You seem to be saying that {le mamtA be ce'u} = {le ka makau
mamta ce'u}. That's exactly the same type of confusion as between
{le broda} and {le du'u makau broda}.

Even if you take {le mamte be ce'u} as unevaluated, it
does not refer to the function but to the value of the function.


No, I am not identifying them.  The first is a property properly speaking
(some known member of loi ka makau mamta ceu, say le ka la Babras Buc mamta
ce'u), a function from individuals to truth values.  The second is a function
from individuals to individuals.  
The second can hardly refer to the value of the function, since a function
has no value, only a function applied to an argument has a value, and there
is no argument application here.  Just as in the case of {le ka la Babras Buc
mamta ce'u}, it is the function referred to not the value (true or false
depending on what name you stick in).

The connection between the two forms also does not come to identity because
there are surely places where one will aapply and the other not, though I
haven't come across any yet in the indirect question business (if some value
of {makau} satisfies the problem then that value of some related function
will also satisfy the problem, apparently).
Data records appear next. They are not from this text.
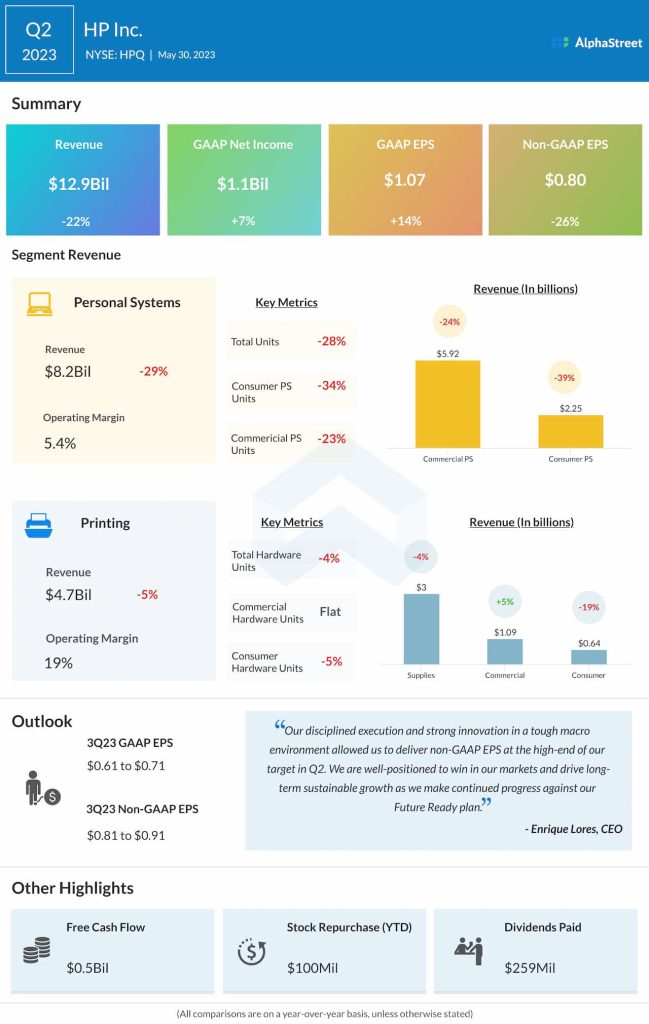 At $12.9 billion, revenues were down 21.7% during the three-month period. Revenues of the main operating segments — Personal Systems and Printing — declined during the quarter.
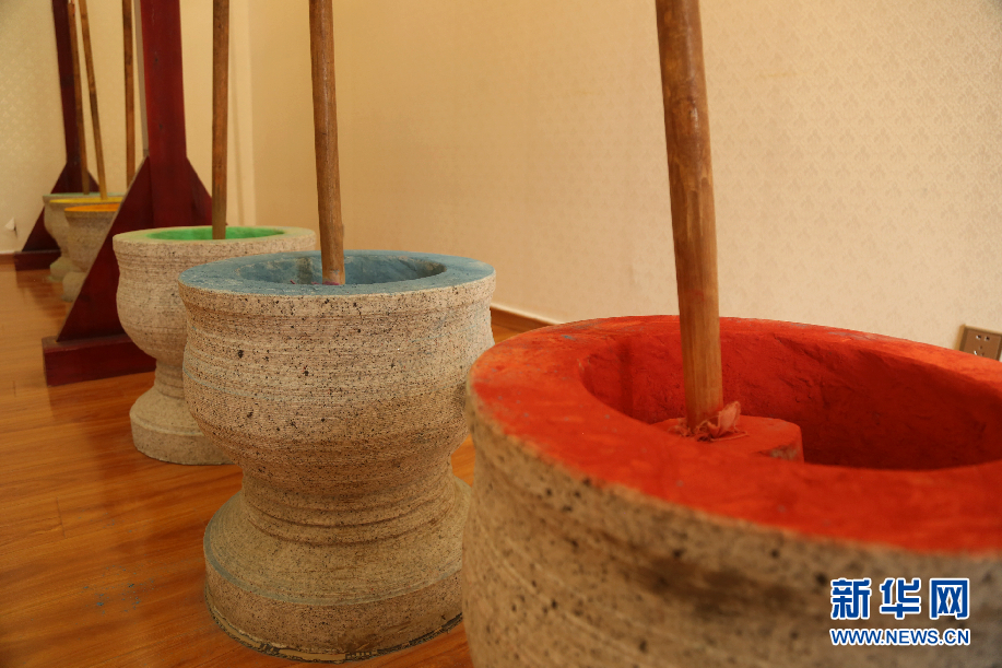 圖為顏料碾磨室。繪制唐卡的顏料由純天然的礦物制成,色彩鮮艷、歷久彌新。新華網(wǎng) 卡婭梅朵攝
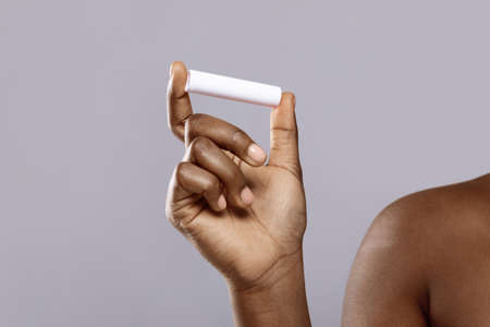Lip Care Concept. Black female hand holding white blank hygienic moisturizing lipstick, isolated over gray background, unrecognizable african woman demonstrating new cosmetic product, copy space
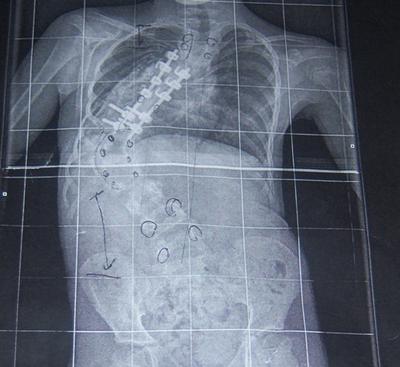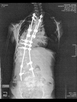 Nothing has worked and so her last surgery was to remove some of the old hardware (first pic), insert adjustable rods and to fuse most of her vertebra.
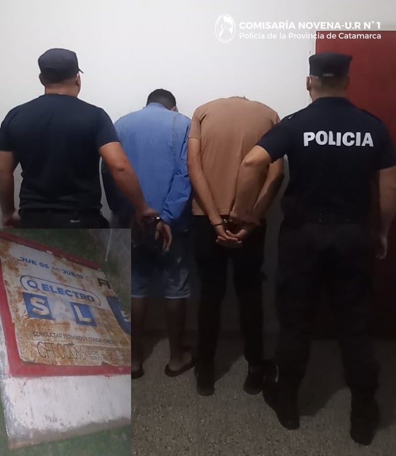 A las 22:20 de ayer, entre las Manzanas “B” y “F” del loteo Parque Sur, numerarios de la Comisaría Novena aprehendieron a dos sujetos de apellidos Flores (30) y Vera (34), quienes habrían sustraído un cartel de un local comercial, ubicado en avenida Hipólito Yrigoyen al 400.
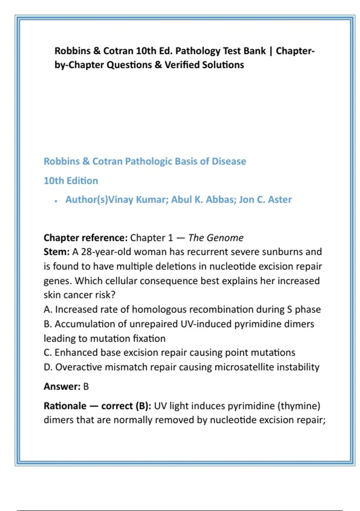 Rationale — correct (B): UV light induces pyrimidine (thymine)
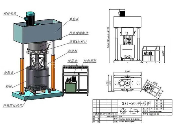 雙行星混合攪拌機是一種對多種液體、粉體進行混合攪拌、溶解、分散、均質的攪拌設備,分為減速電機、封蓋、行星架,高速、低速、活動刮板三軸,刮壁器、料桶、雙柱液壓升降系統、真空系統以及機架等構成。雙行星混合攪拌機能在真空下工作,可不斷的排出水分和其他的揮發物,因此,可作為脫氣釜使用。料桶可根據需要采用油、水循環加熱或冷卻;也可使用蒸汽加熱。加熱溫度通過控制面板上的溫度控制儀顯示。行星分散混合機(行星攪拌機)廣泛應用于高粘度電池、涂料、有機硅膠、油墨、染料、粘膠劑等。
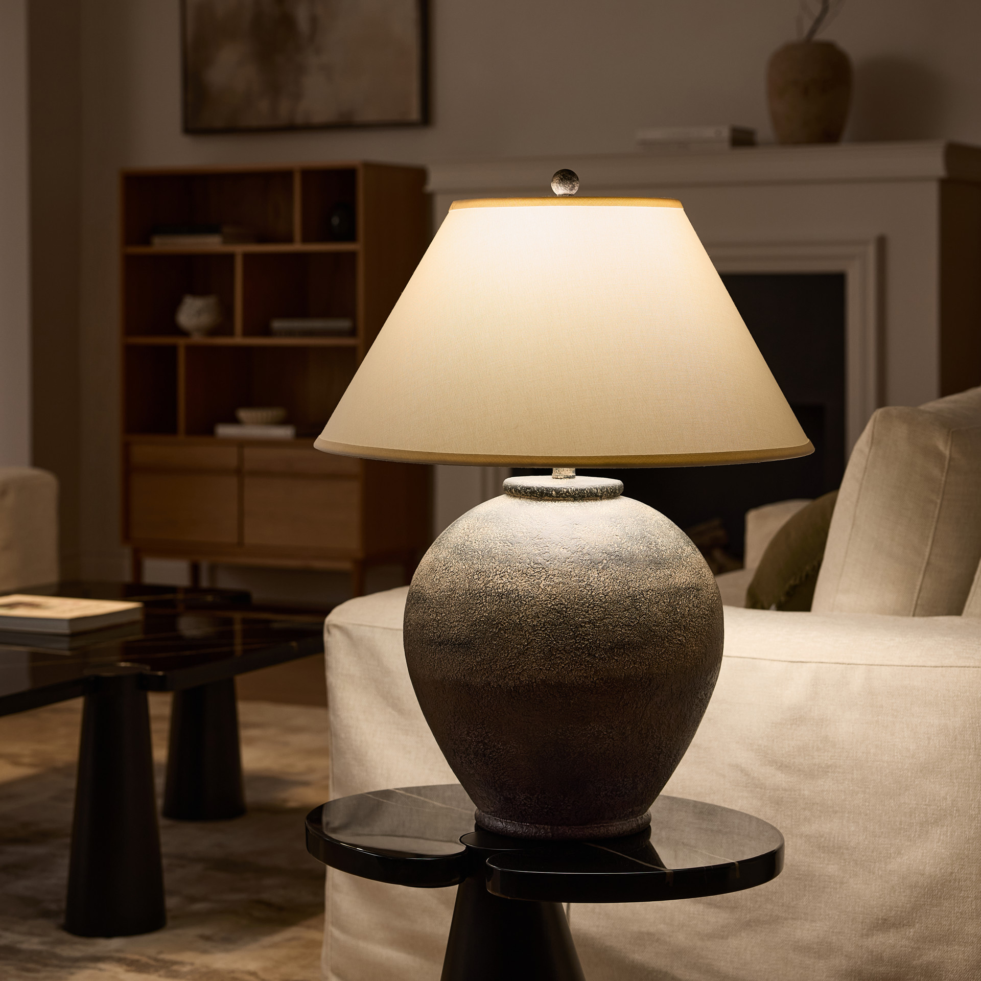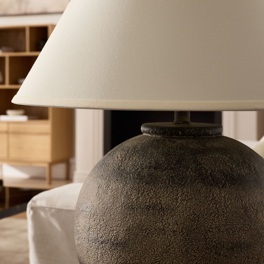The textured base table lamp brings a warm touch to your home. Designed with style in mind, it features a richly textured body in dark brown and beige tones, brass-plated accents, and a tapered ivory linen shade.
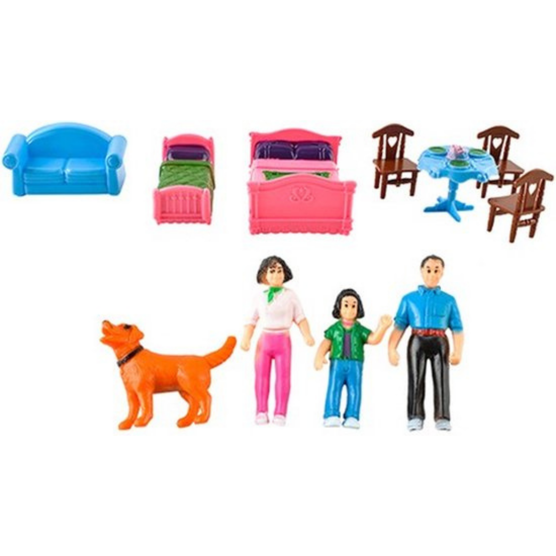 De set bevat drie extra "beweegbare" (verwijderbare) figuren van familieleden (moeder, vader en een kind), een hond en ook meubelstukken zoals stoelen, een tafel, bedden en een bank. De koelkast die open kan en alle decoratieve elementen verdienen extra aandacht - het huis heeft een brievenbus, een tuintje met een hek en decoratieve luiken, al deze dingen voegen esthetische waarden toe en bieden meer mogelijkheden voor interessant spel.
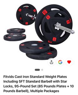 Fitvids 95LB Barbell Weight Set 5FT Bar$100Turlock, CA

I think your problem is that, unlike the case of {le ka...}, there is no
initial mark to show that what is referred to is a function.  But there is a
final mark: {ce'u}.  Just as a presentation of a proposition can be turned
into that of a property by a {ce'u} inserted in a sumti place, so the
presentation can be turned into a function to what meets that description by
a {ce'u} in a sumti place; that is how logical languages work. Happily, the
grammar does not require another flag at this point (there has to be a
minimal case of abstraction somewhere).
[Note: this means that I am not even recommending the minimalist {ce'u}
dropping -- though I never recommended dropping the second {ce'u}; rather I
now find it necessary to require all {ce'u} to appear.]